Weak oil prices are to blame for the extended downturn. West Texas Intermediate (WTI) oil trades near US$62 per barrel compared to US$90 two years ago.
Outlook for the oil market
Weak demand from China, the largest oil consumer, has combined with rising supply from non-OPEC producers to create surplus conditions. Canada and the United States, for example, are setting new production records while China is still struggling with its real estate crisis.
In recent months, oil prices have also reacted negatively to planned supply increases from OPEC, as the consortium seeks to regain some lost market share. Ongoing trade negotiations between the United States and major trade partners, including China, provide uncertainty on the demand side.
Tariffs threaten to push up inflation on consumer goods. Companies have largely avoided passing on the tariff costs, but that can only last for so long as inventories built up ahead of the tariffs continue to decline. Recent weak employment numbers suggest the U.S. economy could already be cooling off. That would be another headwind for oil prices.

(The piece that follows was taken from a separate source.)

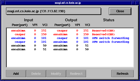 swctl_stat()- 現在ATM Switchに設立されているPVC及びUPCの情報を得る

Analysts widely expect oil to remain under pressure into 2026. Major geopolitical events can certainly send oil prices meaningfully higher, but the spikes tend to be short-lived as traders quickly refocus on the fundamentals.
Upside?
Commodity markets go through cycles. Saudi Arabia and other major producers need higher oil prices to support their cash flow needs. Oil demand is still rising, and could increase for longer than expected as countries walk back aggressive electric vehicle plans.
In Canada, CNRL could benefit from the country’s new push to reduce its reliance on the United States for its energy sales. New pipeline capacity to the three coasts would help Canadian oil producers. The construction of Liquefied natural gas (LNG) export facilities is already underway. This will enable Canadian natural gas producers to sell to global buyers. LNG Canada is now complete and in commercial operation. CNRL is best known as an oil company, but it also has significant natural gas production and reserves.

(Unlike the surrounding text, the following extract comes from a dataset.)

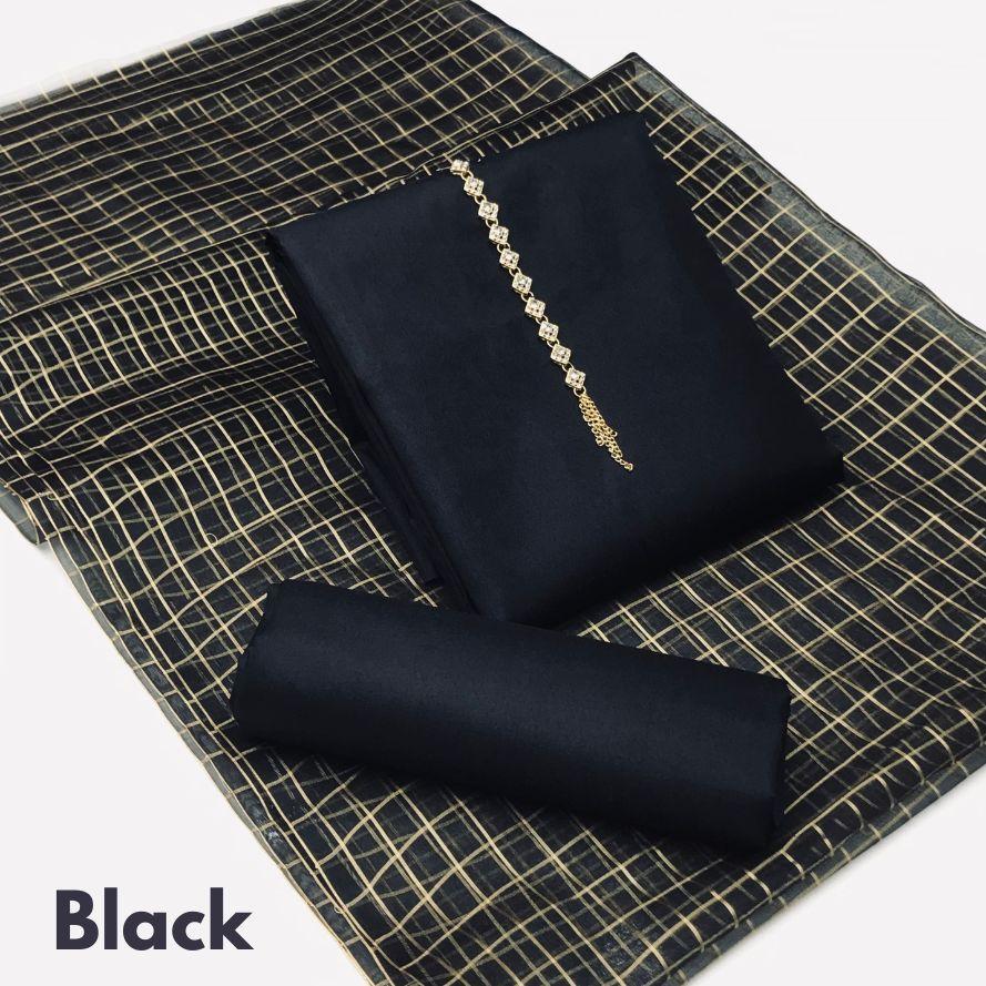 3-Piece Katan Silk Unstitched Suit with Calligraphy Dupatta

Canadian Natural Resources remains very profitable, even at current energy prices. The company has the financial clout to grow the business through strategic acquisitions during periods of weaker energy prices, and management is adept at moving capital around the asset portfolio to take advantage of the best opportunities in the market.
The board raised the dividend in each of the past 25 years. Investors who buy CNQ stock at the current level can get a yield of 5.6%.
The bottom line
Near-term pressure should be expected. In fact, it wouldn’t be a surprise to see a dip back below $40 at some point in the coming months if economic conditions weaken in the United States.
That being said, energy bulls might want to start nibbling while the stock is out of favour. You get paid well to ride out the turbulence, and a major market shock could potentially send the share price meaningfully higher in a very short period of time. As a buy-and-hold play, CNRL deserves to be on your radar.